> **What you are asked to do**:
Go through the records below from the first line and print each one exactly, stopping after the line that contains "Read moreNice place". Do not print pictures or anything past that line.
╭─ Extracted records
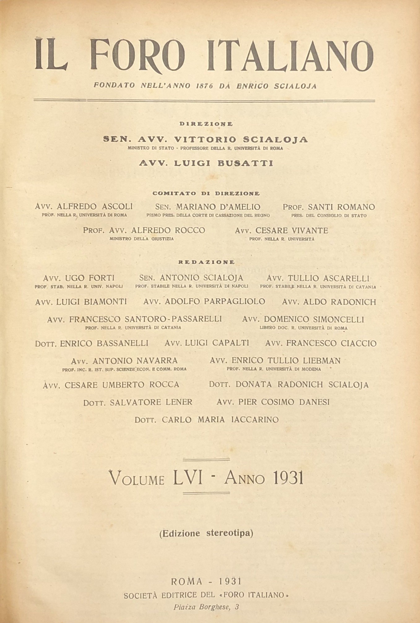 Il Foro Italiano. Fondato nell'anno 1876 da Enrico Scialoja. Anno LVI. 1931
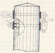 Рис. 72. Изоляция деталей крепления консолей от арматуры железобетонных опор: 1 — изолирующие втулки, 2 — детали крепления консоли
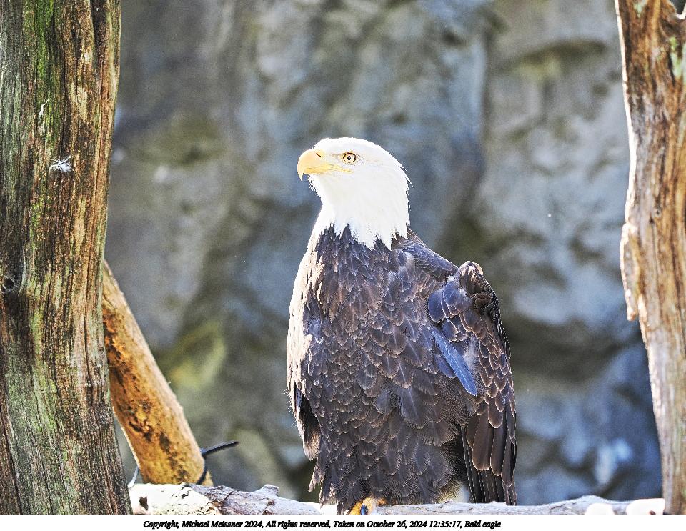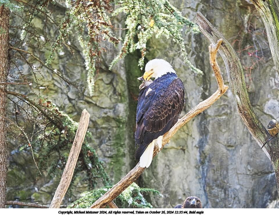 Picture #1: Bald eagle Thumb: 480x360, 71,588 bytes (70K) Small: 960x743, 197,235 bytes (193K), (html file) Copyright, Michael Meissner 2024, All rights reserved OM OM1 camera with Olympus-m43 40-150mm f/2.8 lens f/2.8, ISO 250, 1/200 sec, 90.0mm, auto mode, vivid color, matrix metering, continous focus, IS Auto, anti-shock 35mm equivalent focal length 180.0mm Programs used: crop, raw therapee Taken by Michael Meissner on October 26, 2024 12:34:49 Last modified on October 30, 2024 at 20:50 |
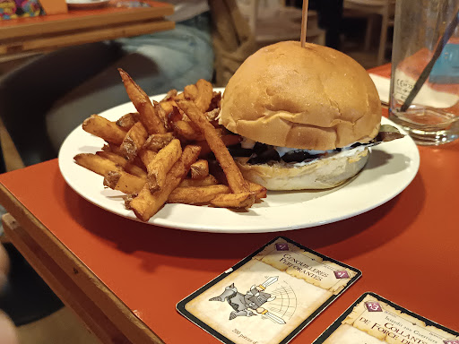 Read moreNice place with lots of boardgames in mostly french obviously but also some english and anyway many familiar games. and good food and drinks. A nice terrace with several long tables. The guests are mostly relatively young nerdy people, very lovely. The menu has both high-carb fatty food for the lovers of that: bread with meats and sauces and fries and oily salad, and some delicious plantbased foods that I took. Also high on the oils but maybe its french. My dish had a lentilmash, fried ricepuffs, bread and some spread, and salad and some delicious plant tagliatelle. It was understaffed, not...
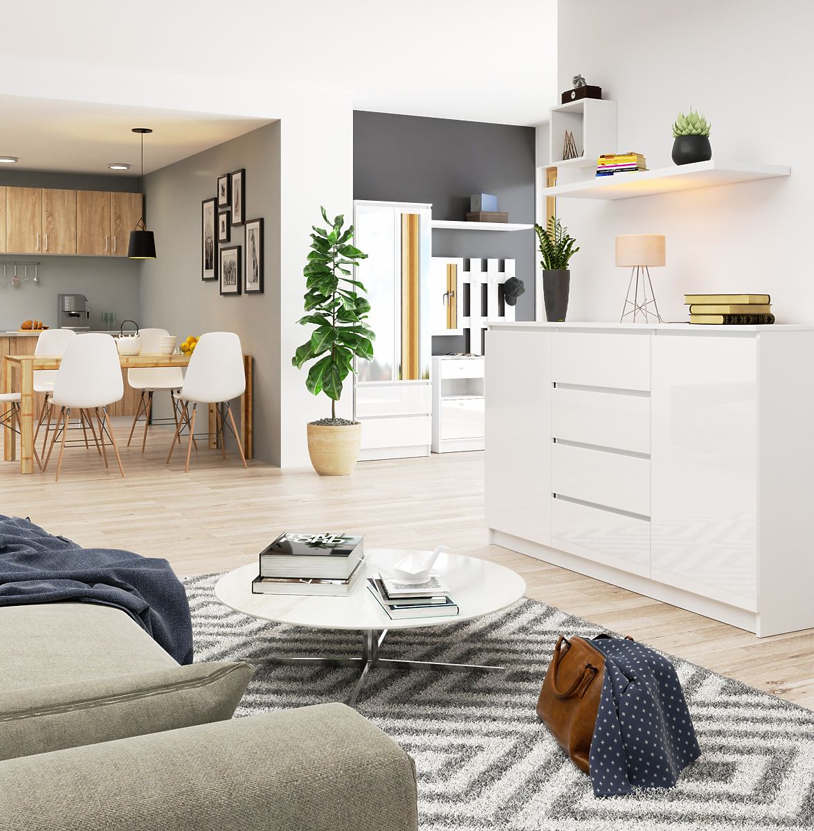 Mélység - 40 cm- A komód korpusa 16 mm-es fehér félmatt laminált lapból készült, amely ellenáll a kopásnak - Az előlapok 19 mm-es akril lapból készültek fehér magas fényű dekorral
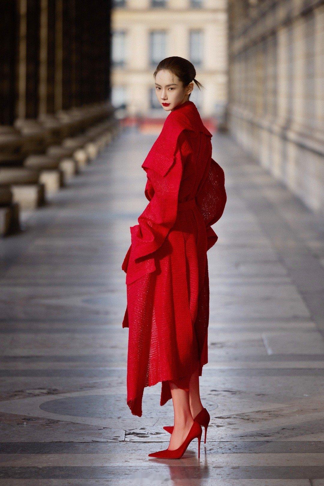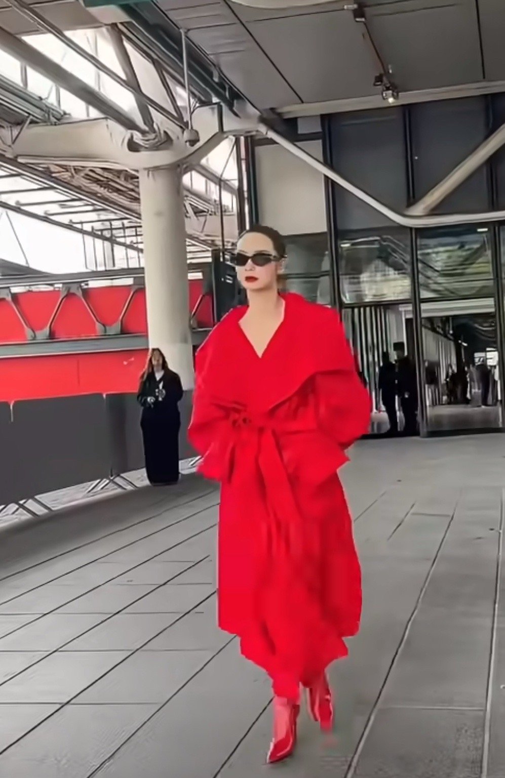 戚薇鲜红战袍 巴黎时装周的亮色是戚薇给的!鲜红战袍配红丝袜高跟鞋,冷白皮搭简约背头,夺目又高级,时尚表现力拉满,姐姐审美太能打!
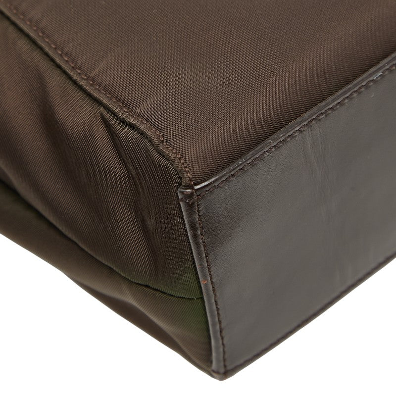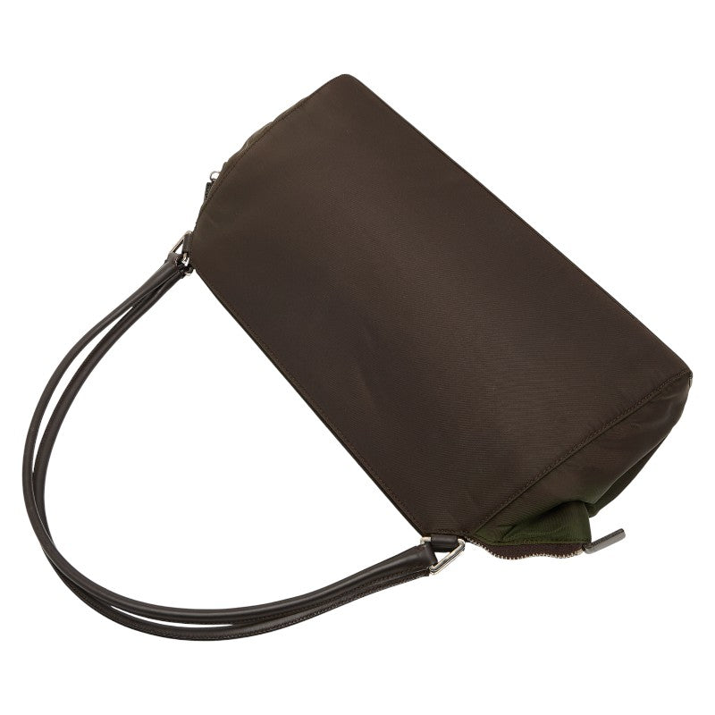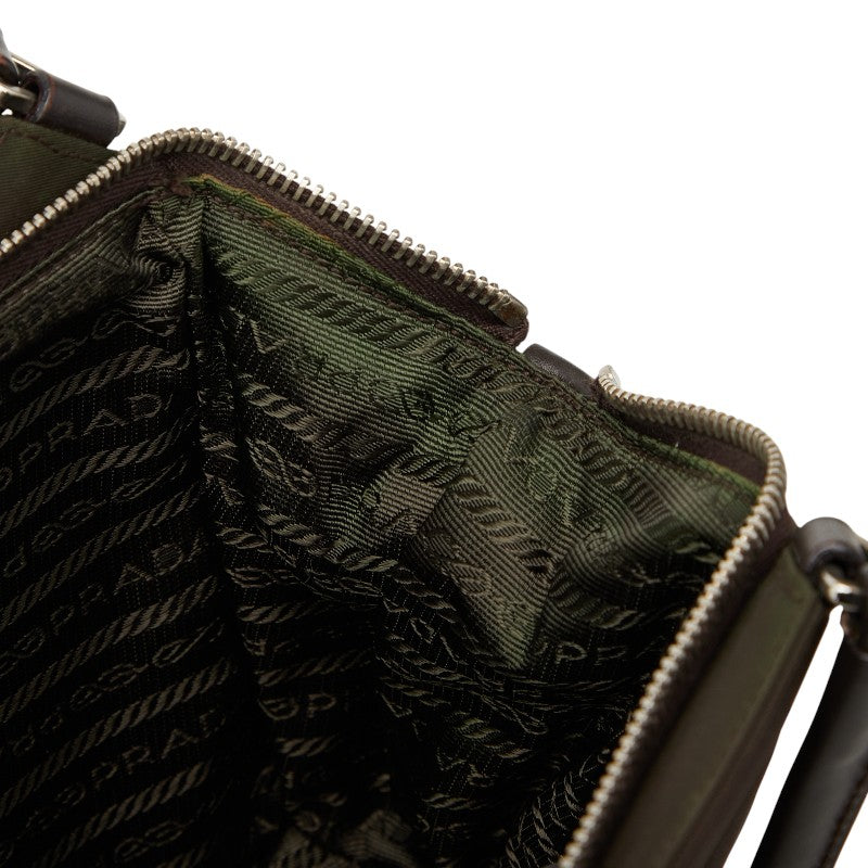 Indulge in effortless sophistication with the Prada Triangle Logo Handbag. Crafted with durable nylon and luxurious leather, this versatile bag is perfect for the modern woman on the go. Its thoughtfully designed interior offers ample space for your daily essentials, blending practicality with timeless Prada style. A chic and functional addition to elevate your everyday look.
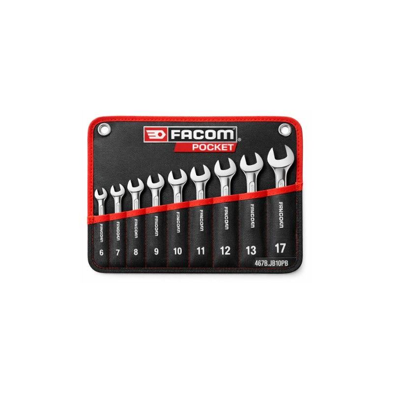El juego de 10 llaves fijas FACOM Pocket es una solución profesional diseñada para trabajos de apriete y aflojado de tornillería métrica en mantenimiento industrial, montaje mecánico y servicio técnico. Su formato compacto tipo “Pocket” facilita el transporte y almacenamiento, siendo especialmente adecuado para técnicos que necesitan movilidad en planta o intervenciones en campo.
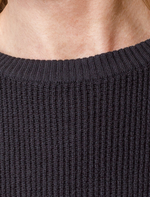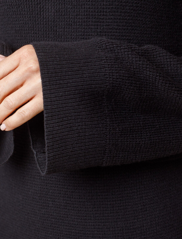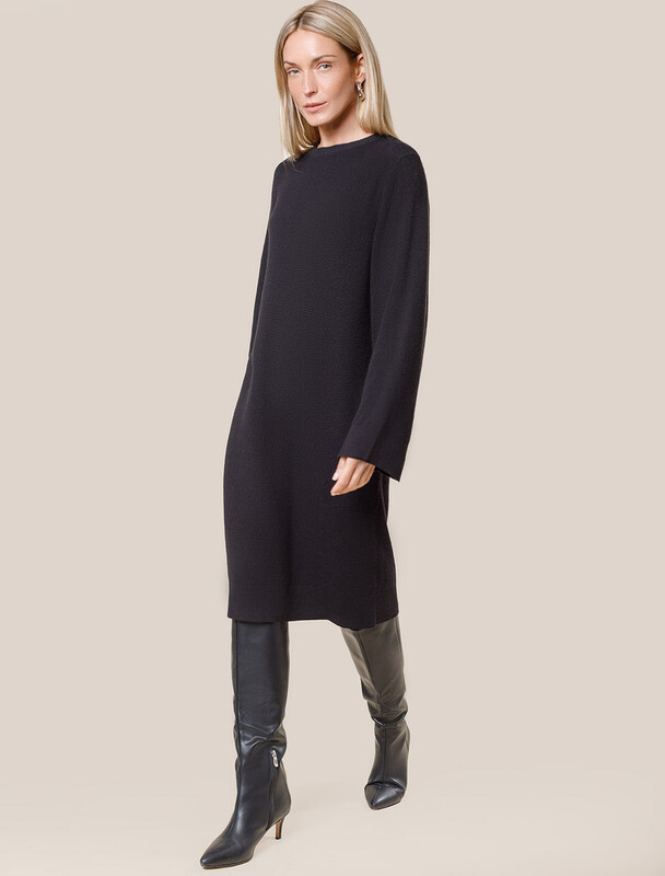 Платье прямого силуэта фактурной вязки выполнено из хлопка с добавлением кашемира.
╰─
> **Result below**:
 Il Foro Italiano. Fondato nell'anno 1876 da Enrico Scialoja. Anno LVI. 1931
 Рис. 72. Изоляция деталей крепления консолей от арматуры железобетонных опор: 1 — изолирующие втулки, 2 — детали крепления консоли
 Picture #1: Bald eagle Thumb: 480x360, 71,588 bytes (70K) Small: 960x743, 197,235 bytes (193K), (html file) Copyright, Michael Meissner 2024, All rights reserved OM OM1 camera with Olympus-m43 40-150mm f/2.8 lens f/2.8, ISO 250, 1/200 sec, 90.0mm, auto mode, vivid color, matrix metering, continous focus, IS Auto, anti-shock 35mm equivalent focal length 180.0mm Programs used: crop, raw therapee Taken by Michael Meissner on October 26, 2024 12:34:49 Last modified on October 30, 2024 at 20:50 |
 Read moreNice place with lots of boardgames in mostly french obviously but also some english and anyway many familiar games. and good food and drinks. A nice terrace with several long tables. The guests are mostly relatively young nerdy people, very lovely. The menu has both high-carb fatty food for the lovers of that: bread with meats and sauces and fries and oily salad, and some delicious plantbased foods that I took. Also high on the oils but maybe its french. My dish had a lentilmash, fried ricepuffs, bread and some spread, and salad and some delicious plant tagliatelle. It was understaffed, not...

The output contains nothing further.